Our Gospel reading this morning follows on from the Gospel we would have had if we hadn’t celebrated Candlemas.  Then we would have heard that Jesus went into the synagogue in Capernaum and taught, and while he was there a man with an unclean spirit recognised Jesus, ‘What have you to do with us, Jesus of Nazareth?  Have you come to destroy us?  I know who you are, the Holy One of God’. Jesus drove out the unclean spirit and restored the man to good health and sound mind. According to Mark, this was the first time in his ministry, Jesus had healed someone.

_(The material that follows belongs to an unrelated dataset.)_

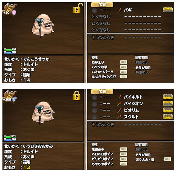 この子たち配合したら、必中うとねが ハック攻撃(ついでに武器持たせたら マヒ・眠りも・・・)がつくれるけど、大防御でヘロヘロ・ビリビリ・もやもやも捨てがたい・・・。 まぁどうせBS専用機なんだけど。
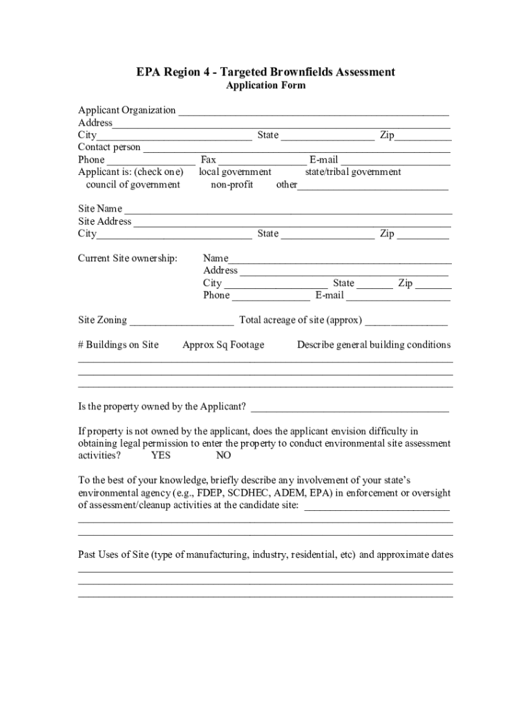 EPA Region 4 Targeted Brownfield Assessment Application Form Applicant Organization ___ Address___ City___ State ___ Zip___ Contact person ___ Phone ___ Fax ___ Email ___ Applicant is: (check one)

What I love about Mark’s Gospel is that he rushes Jesus onto the stage and shows the Son of God in action.  No flowery introductions about Jesus’ lineage for the benefit of Jewish Christians.  No shepherds, magi, no birth narrative, straight into Jesus’ ministry. There is no doubt in Mark’s mind that Jesus is the divine Son of God, so he begins with ‘The beginning of the Good News of Jesus Christ, the Son of God’, and proceeds to give us a biography of Jesus’ life. We know from other writings that Mark was in a unique position to tell the story of Jesus, his mother’s house was the centre of the early Christian church in Jerusalem, he was a nephew of Barnabas, and most important of all, Mark wrote down what Peter told him about Jesus.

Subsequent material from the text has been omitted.